● WHAT YOU NEED TO DO: Required from the data below: the exact lines starting at the line containing "The beer kegs" and ending at the line containing "为喜迎元旦佳节,欢迎2020", with both ends kept and all pictures dropped.
-- INPUT MATERIAL follows --
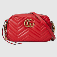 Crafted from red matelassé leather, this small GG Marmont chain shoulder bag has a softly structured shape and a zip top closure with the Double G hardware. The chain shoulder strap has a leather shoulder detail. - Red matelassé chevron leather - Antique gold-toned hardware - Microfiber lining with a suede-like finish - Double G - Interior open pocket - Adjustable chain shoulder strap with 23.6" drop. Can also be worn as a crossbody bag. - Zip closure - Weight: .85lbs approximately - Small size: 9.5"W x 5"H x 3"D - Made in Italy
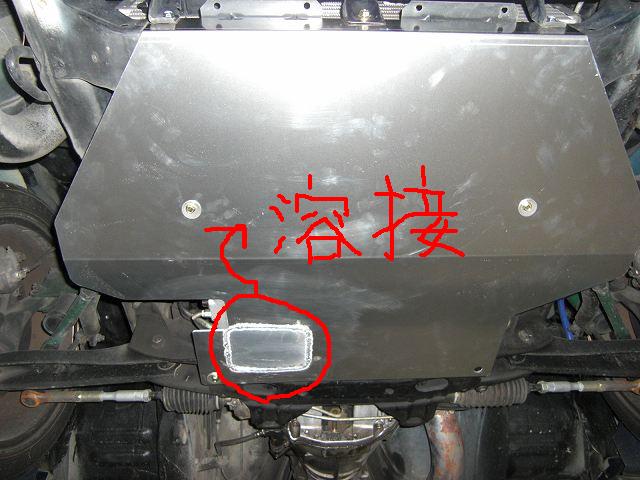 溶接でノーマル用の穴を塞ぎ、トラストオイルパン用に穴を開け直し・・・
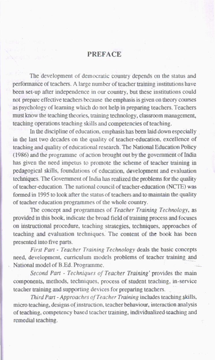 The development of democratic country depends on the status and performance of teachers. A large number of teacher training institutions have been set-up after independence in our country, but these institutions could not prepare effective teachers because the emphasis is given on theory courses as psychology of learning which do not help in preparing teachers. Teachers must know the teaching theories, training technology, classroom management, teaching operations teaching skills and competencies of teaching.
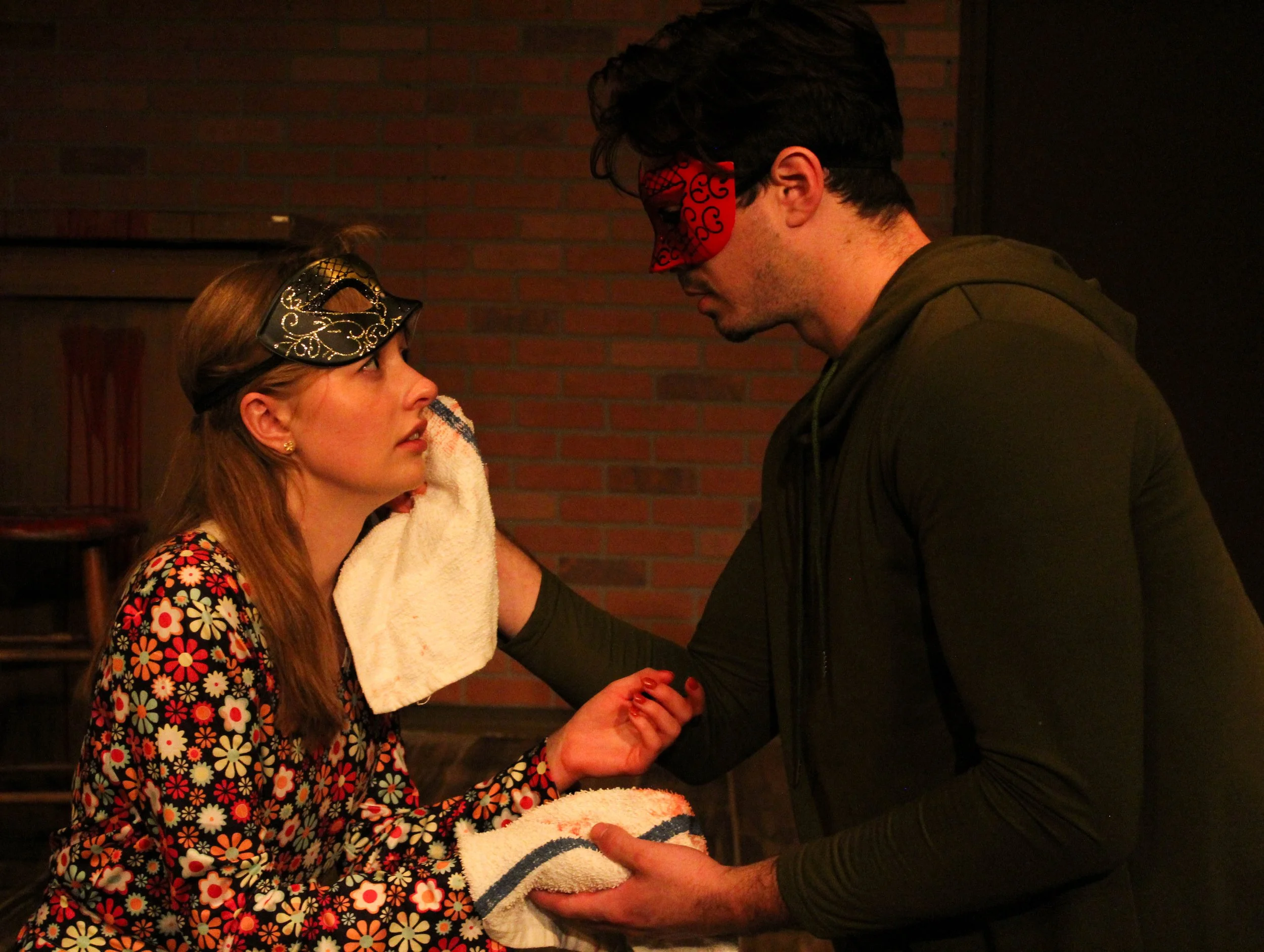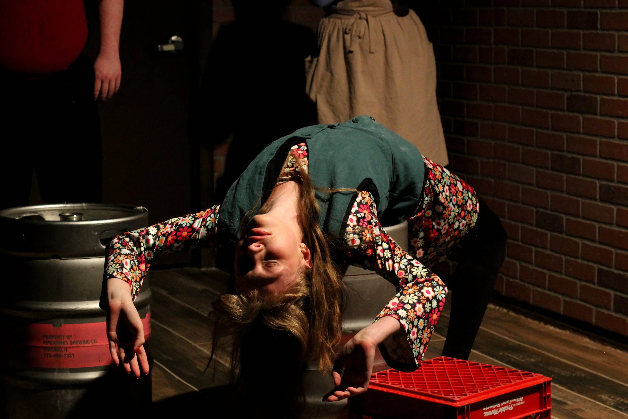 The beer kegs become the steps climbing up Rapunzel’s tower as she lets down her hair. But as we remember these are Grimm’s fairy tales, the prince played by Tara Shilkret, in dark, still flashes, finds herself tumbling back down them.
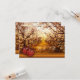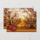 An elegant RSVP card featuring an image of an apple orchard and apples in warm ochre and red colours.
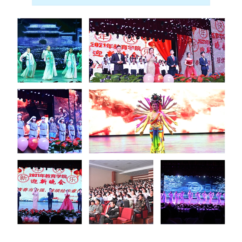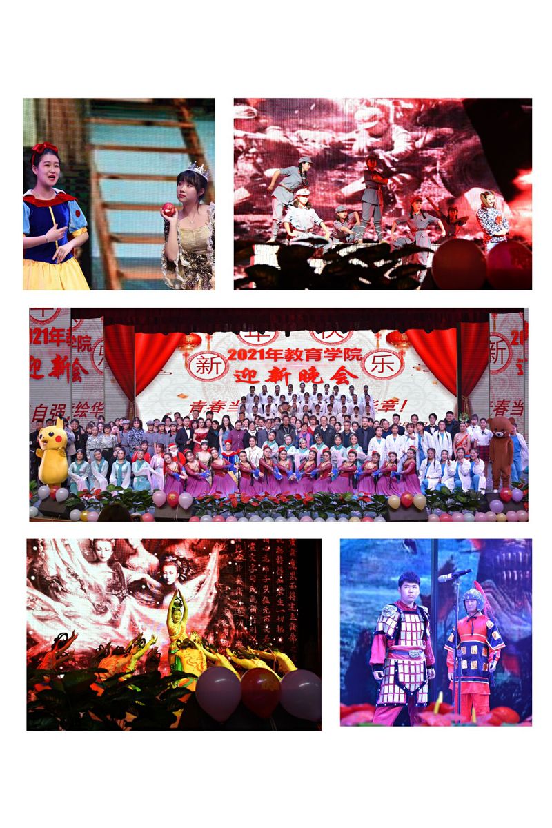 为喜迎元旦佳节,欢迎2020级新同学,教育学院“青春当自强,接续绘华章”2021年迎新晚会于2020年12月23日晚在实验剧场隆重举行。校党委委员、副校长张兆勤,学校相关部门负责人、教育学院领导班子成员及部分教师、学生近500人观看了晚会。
-- INPUT MATERIAL concluded --
-- INPUT MATERIAL follows --
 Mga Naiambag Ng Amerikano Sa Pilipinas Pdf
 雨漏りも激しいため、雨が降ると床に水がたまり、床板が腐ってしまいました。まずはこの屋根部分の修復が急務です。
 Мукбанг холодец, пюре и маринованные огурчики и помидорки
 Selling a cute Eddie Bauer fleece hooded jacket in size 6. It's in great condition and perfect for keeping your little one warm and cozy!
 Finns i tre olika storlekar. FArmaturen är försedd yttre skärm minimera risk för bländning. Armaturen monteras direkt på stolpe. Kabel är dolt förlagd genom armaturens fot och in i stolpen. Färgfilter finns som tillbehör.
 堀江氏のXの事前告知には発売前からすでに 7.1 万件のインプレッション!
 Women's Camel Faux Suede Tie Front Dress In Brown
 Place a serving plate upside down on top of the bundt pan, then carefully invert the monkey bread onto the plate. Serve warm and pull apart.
-- INPUT MATERIAL concluded --
● OUTPUT FOR THIS EXERCISE:
 The beer kegs become the steps climbing up Rapunzel’s tower as she lets down her hair. But as we remember these are Grimm’s fairy tales, the prince played by Tara Shilkret, in dark, still flashes, finds herself tumbling back down them.
 An elegant RSVP card featuring an image of an apple orchard and apples in warm ochre and red colours.
 为喜迎元旦佳节,欢迎2020级新同学,教育学院“青春当自强,接续绘华章”2021年迎新晚会于2020年12月23日晚在实验剧场隆重举行。校党委委员、副校长张兆勤,学校相关部门负责人、教育学院领导班子成员及部分教师、学生近500人观看了晚会。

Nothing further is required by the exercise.